Großes Glück hatte ein Brüderpaar am Samstag in den frühen Morgenstunden nach einem Sekundenschlaf auf der Südautobahn. Die Ukrainer überstanden den schweren Unfall ihres Lasters in der Steiermark unverletzt. In Folge kam es auf der verwüsteten Fahrbahn zu zwei Reifenpannen und einem Auffahrunfall.
Die beiden Ukrainer waren im mit Birnen beladenen Lastwagen von Italien nach Litauen unterwegs, als dem 31-jährigen Lenker gegen drei Uhr im Gemeindegebiet von Nestelbach im Ilztal kurz die Augen zufielen. Der Lkw überquerte ungebremst die Überholspur und krachte mit voller Wucht gegen die Mittelleitschiene.
Der Laster hinterließ eine Spur der Verwüstung. Wrackteile flogen durch die Luft und landeten auf der Fahrbahn. Zwei Pkw-Lenker auf der Fahrt in Richtung Graz konnten nicht mehr ausweichen und erlitten Reifenschäden. Vermutlich zu lange auf die Unfallstelle geschaut hat ein anderer Lenker: Er verursachte einen Auffahrunfall. Glücklicherweise blieben alle Beteiligten, darunter auch der Unfalllenker und sein 36-jähriger Bruder, unverletzt.

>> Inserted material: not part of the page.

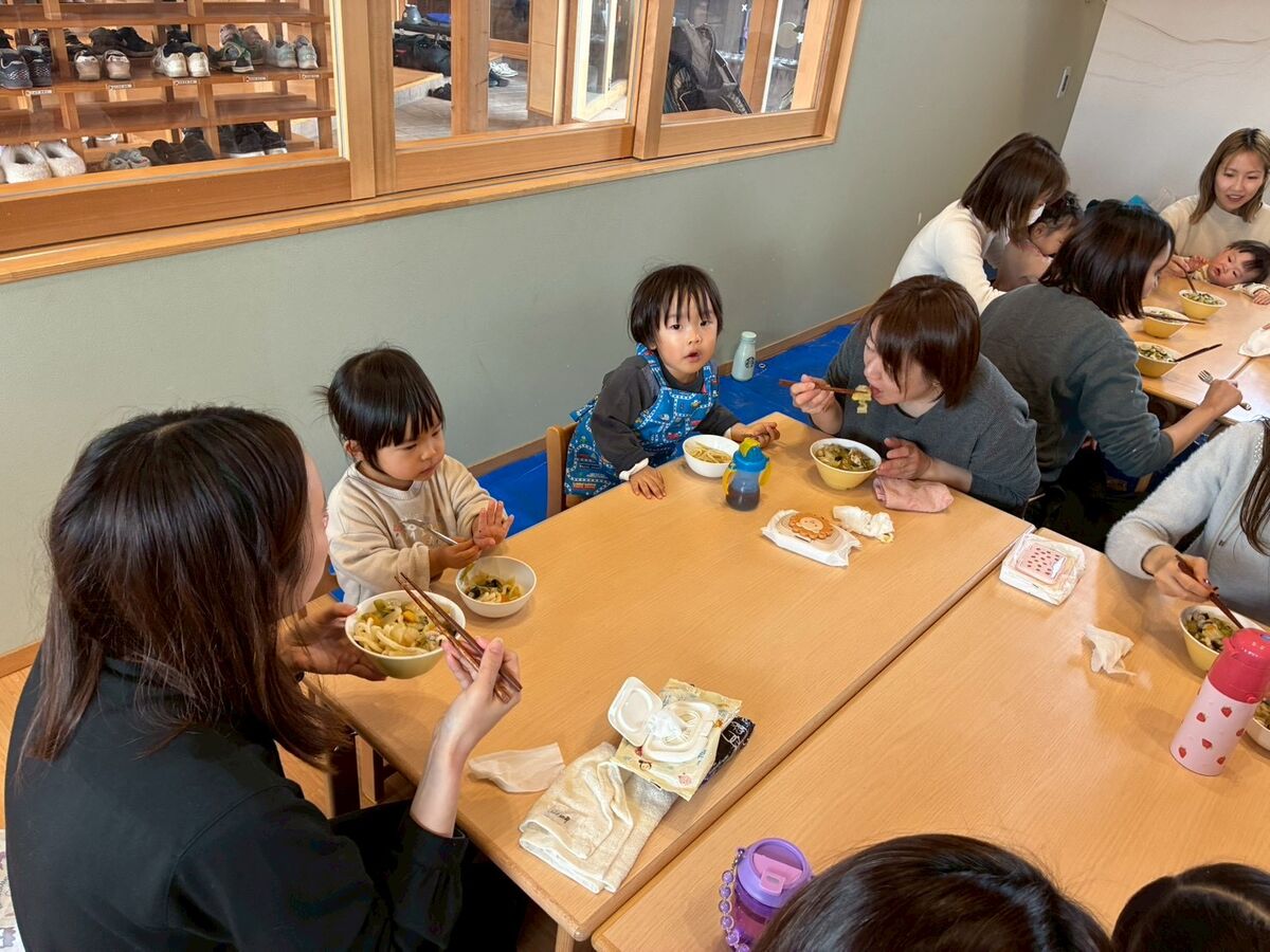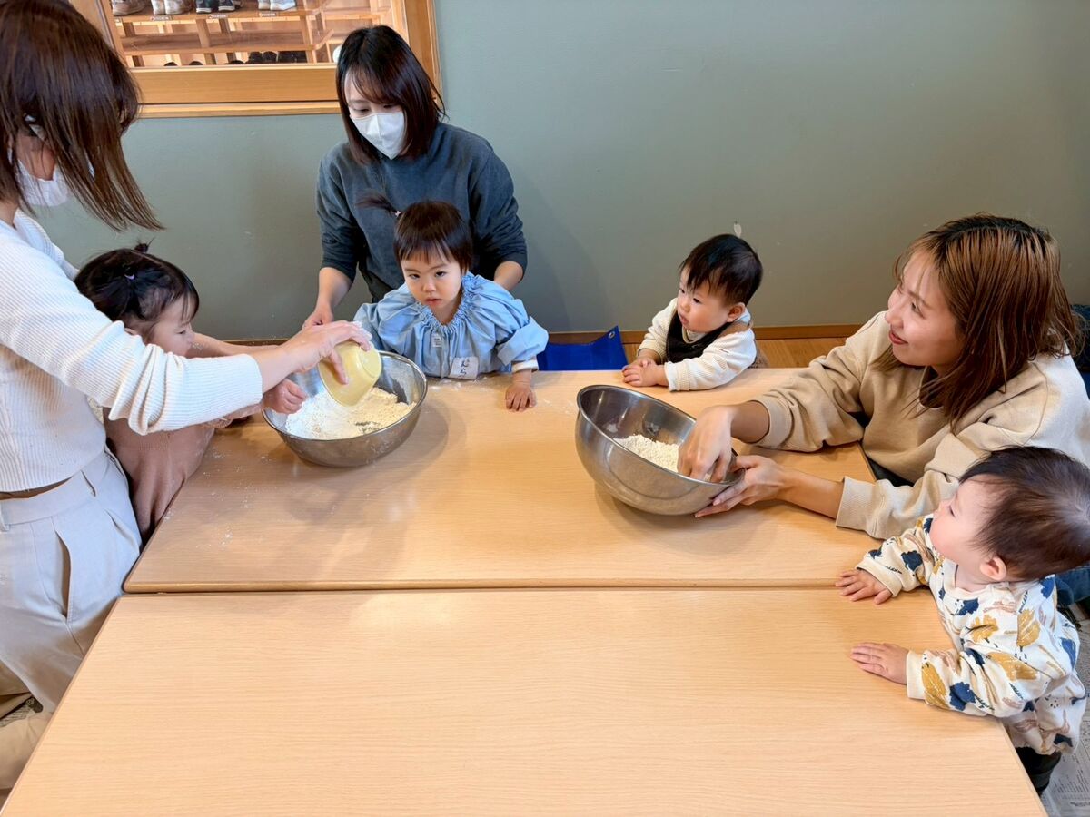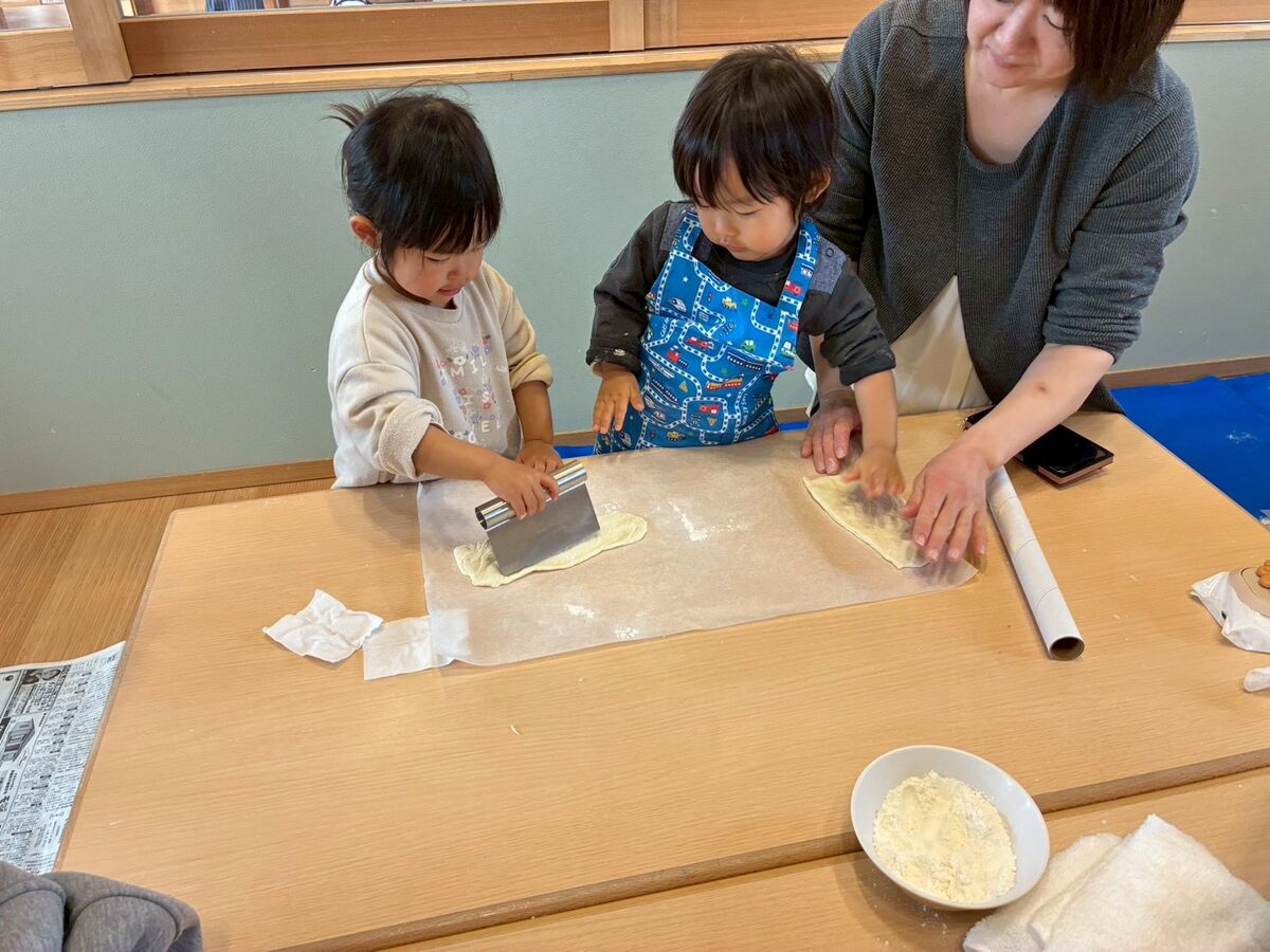 1月28日(水)のトドラーズクラブは『親子クッキング〜手打ちうどん作り〜』でした😊

Große Menge an Diesel ausgelaufen
Dennoch hatten die Einsatzkräfte alle Hände voll zu tun. Aus dem aufgerissenen Tank des Lastwagens waren 200 bis 300 Liter Treibstoff ausgelaufen. Die Freiwilligen Feuerwehren Neudorf, Ilz, Hochegg und Fürstenfeld gruben das mit Diesel getränkte Erdreich aus, sammelten umherliegende Lkw-Teile ein und richteten den in Schräglage geratenen Sattelzug per Kran wieder auf.
Die Polizei sprach von einem großen Glück, dass der Crash keine Verletzten gefordert hatte. Eine Überprüfung ergab, dass der Lenker die vorgeschriebene maximale Fahrtzeit nicht überschritten hatte.